Figure 7: Reflection coefficients generated by MoM, polynomial interpolant, and reduced-order model for the screen of Figure 6 excited by an incident, TM polarized wave with phi=0deg., and (a) theta=0deg., (b) theta=10deg., (c) theta=20deg., (d) theta=30deg., and (e) theta=40deg.

A few comments are in order about the results in general. First, due to the use of polynomial interpolation in the linearization of the system, the frequency band to which this method is applied cannot include either zero frequency or the blazing frequency where either poles or branch point singularities exist in the Green's function. (This limitation does not imply that models cannot be constructed above the blazing frequency, only that the domain of each reduced-order model can not pass through this frequency.) Specifically, the locus of the onset of propagation of the lowest order modes for a square cell FSS for a wave incident with is shown in Figure 8.

Figure 8: Locus of the onset of propagation of higher-order modes of square-cell screens situated in free space, excited by waves with phi=0deg.

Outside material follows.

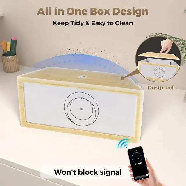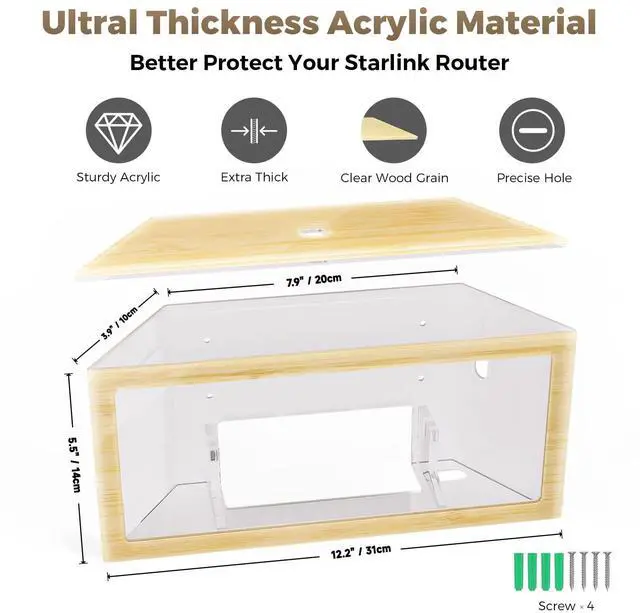Upgraded Router Holder for Starlink V3 - Our all-in-one mounting kit for the Starlink Gen 3 features a compact box design that holds the router, power supply, and cables together, reducing clutter and freeing up your workspace. The lid protects against dust and prevents pets from damaging the Starlink equipment ^^ Superior Durability with Wood Grain Acrylic - Different from the plastic brackets on the market, our router storage box is constructed from extra-thick clear acrylic, which protects your SpaceX Starlink Gen 3 standard without blocking the Wi-Fi signals. The wood grain pattern design offers a sleek, modern look that complements various decor styles, whether for an RV, storage bay, camper, vehicle, garage, or ATC trailer ^^ Ideal Positioning for Optimal Signal Coverage - This portable stand allows you to position your Starlink Gen 3 extension in the most suitable location, maximizing your network's coverage area.

For a given angle of incidence, a band of frequencies can be represented on this graph by a vertical line. If the point on this line representing the highest frequency in the band is close to the curve representing the blazing locus, a very high-order HPI is required to accurately approximate the system. Because the blazing locus (for the lowest order mode) is concave up, this problem is most severe for incidence angles near normal. Thus, for a given FSS, if all the HPI and MOR parameters are fixed, and reduced-order models are constructed for several incidence angles, the models for those incidence angles closest to normal will be accurate for a smaller percentage of the usable band between zero frequency and the onset of blazing. Figure 8 also shows where models may be constructed above the first blazing frequency: the method will successfully model the behavior of a screen in frequency regimes corresponding to vertical lines on Figure 8 uninterrupted by (and not too close to) the blazing loci. Note that if some of these lines are very short (as they would be for angles near normal above blazing), no reduced-order model should be constructed-the standard MoM will be fast enough.

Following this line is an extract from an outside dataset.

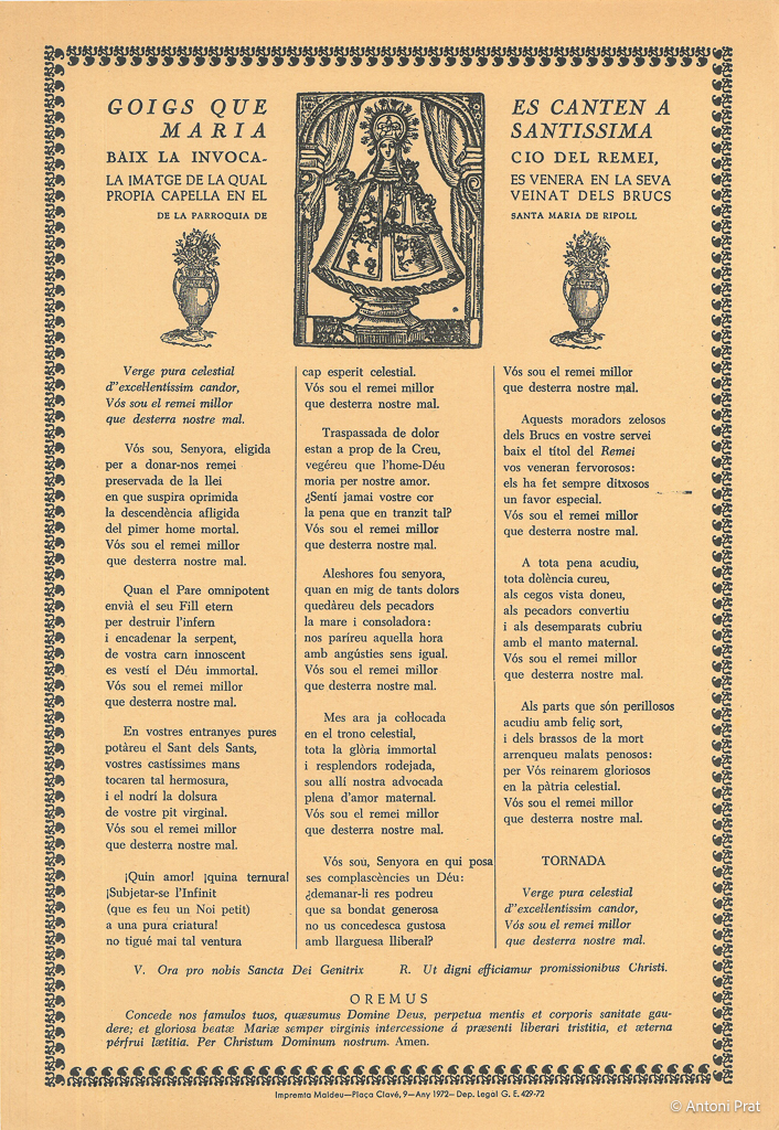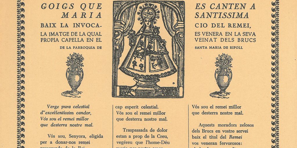GOIGS QUE ES CANTEN A MARIA SANTISSIMA BAIX LA INVOCACIO DEL REMEI, LA IMATGE DE LA QUAL ES VENERA EN LA SEVA PROPIA CAPELLA EN EL VEINAT DELS BRUCS DE LA PARROQUIA DE SANTA MARIA DE RIPOLL

Finally, note that in some instances, the reflection coefficient at the location of thin resonances given by the reduced-order model does not exactly match the MoM result. At these points, however, the MoM is not very accurate as changing its parameters may also alter the resonance size. The important behavior mimicked by the reduced-order model is not the magnitude of the reflection coefficients at small resonances, but their location in the frequency band.

Extensions to the Model Order Reduction Technique

While all of the examples of the preceding Section apply to FSSs discretized on a grid amenable to the use of FFT matrix multiplication methods, this discretization is not prerequisite for the application of the algorithm. The MOR technique is applicable to MoM systems created using any basis functions, though the resulting acceleration provided may differ from the examples presented here.

For instance, the technique can be applied, without modification, to FSSs discretized with full-domain bases. However, because the matrices produced by such a discretization are typically small, any noticeable acceleration provided by the MOR technique would no doubt spring from the interpolation step which obviates the need for the construction of the MoM system at each frequency. This may be helpful if the infinite summations required are very tedious, but is unlikely to produce the kind of speedups shown in the Tables.

A more important application of the MOR technique would be to FSSs discretized with subdomain bases that are not located on a grid amenable to the FFT technique. Such problems arise whenever such a grid is too restrictive for the fine-tuning of a design, or when the axes of periodicity of the FSS are not perpendicular. In these cases, the MOR method will achieve an acceleration of about the order shown in the examples.

The method can also be extended to frequencies where the FSS blazes. As presented, the method is already applicable to such problems, as long as a new model is constructed after the onset of propagation of each new higher-order Floquet mode. Because of the HPI approximation to the MoM matrix, however, the method discussed here cannot be used for models that span a frequency realm where a mode changes from evanescent to propagating. Additionally, the introduction of new modes requires the model to produce extra information, resulting in a multiple-output system. Extensions of the current technique that solve all of these problems are possible, and will be reported by the authors elsewhere.

Perhaps most interestingly, the MOR method can be extended to extract the dependence of the problem on incidence angle. The method is based on the concept of generalized Krylov subspaces, introduced by the authors in [17], and eliminates the need for the creation of a new model for each angle of incidence.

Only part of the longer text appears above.